The Morning After was Maureen McGovern's first studio album, released in July 1973 (see 1973 in music).

The album was released by popular demand following an Academy Award win for Best Song for "The Morning After", written by Al Kasha and Joel Hirschhorn. After the song's subsequent rise up the Billboard Top 100 charts, the eponymous album was released, eventually peaking in September at #77 on the Billboard Hot 200 list of popular albums.
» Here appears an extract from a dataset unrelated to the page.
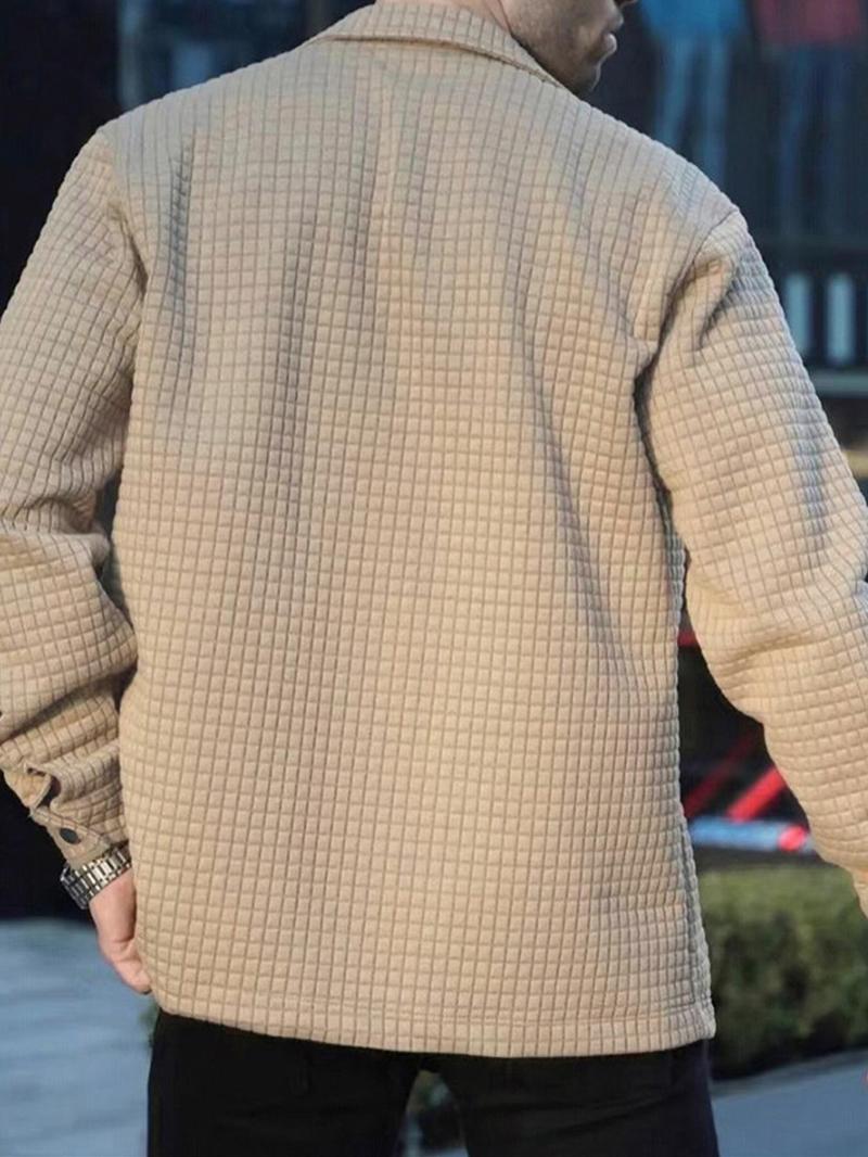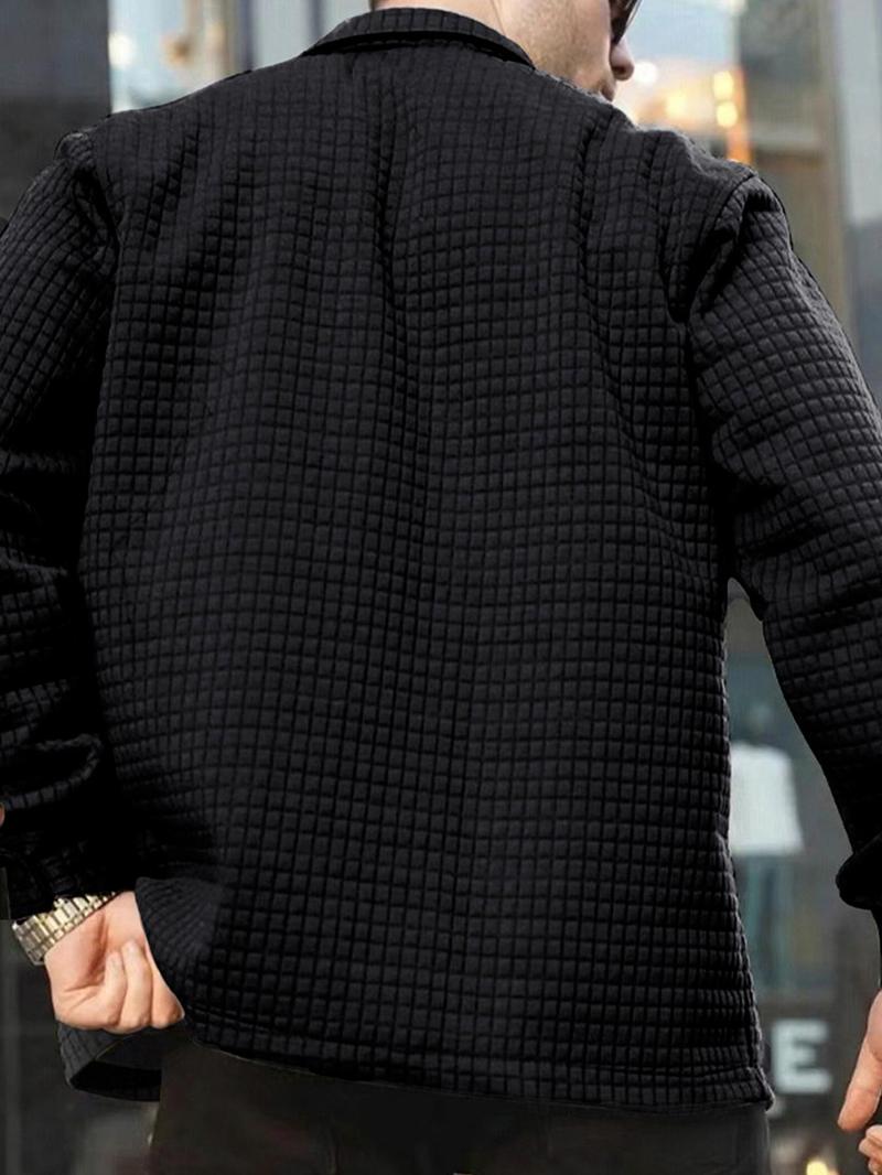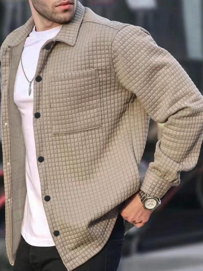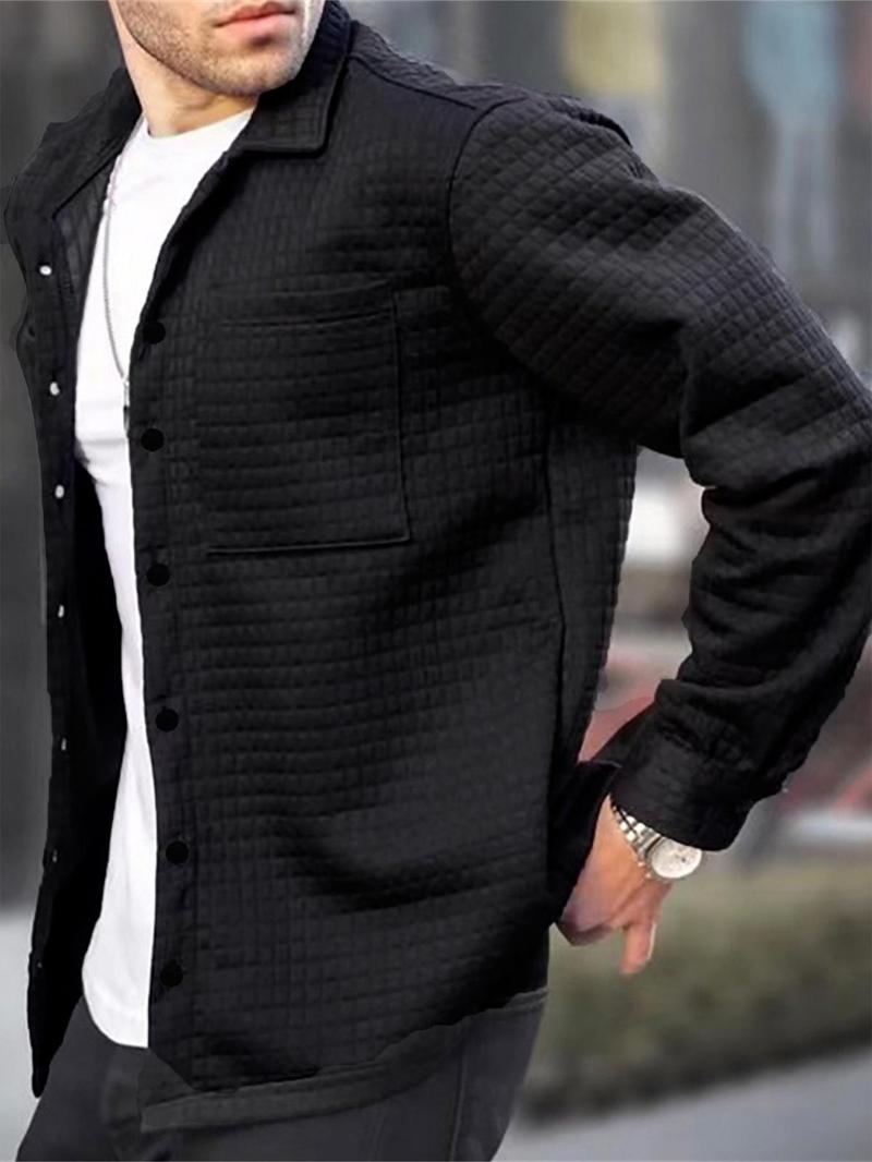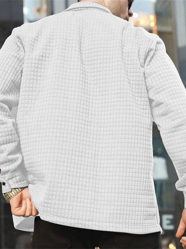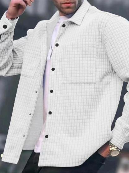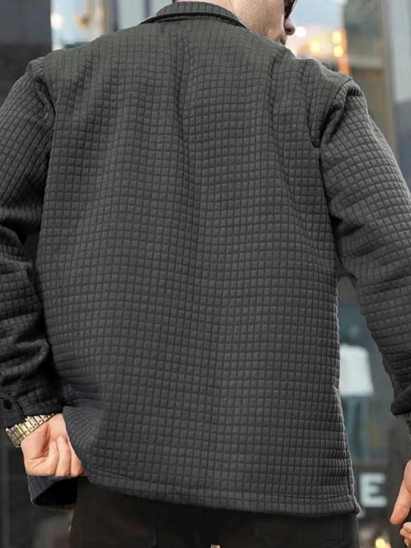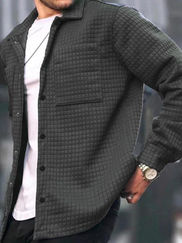 Men's Plain Waffle Knit Pocket Button Front Shirt, Regular Fit Fashion Casual Long Sleeve Collared Top for Fall, Streetwear, Shirts for Men, Men's Clothes for Daily Wear, Mens Clothing, Going Out Tops

"The Morning After" is the first track on the record. McGovern composed the music for the fourth and sixth tracks. Cover versions include Paul Williams' "I Won't Last a Day Without You" (which was an adult-contemporary hit for McGovern before becoming a national hit for The Carpenters) and Buffy Sainte-Marie's "Until It's Time for You to Go".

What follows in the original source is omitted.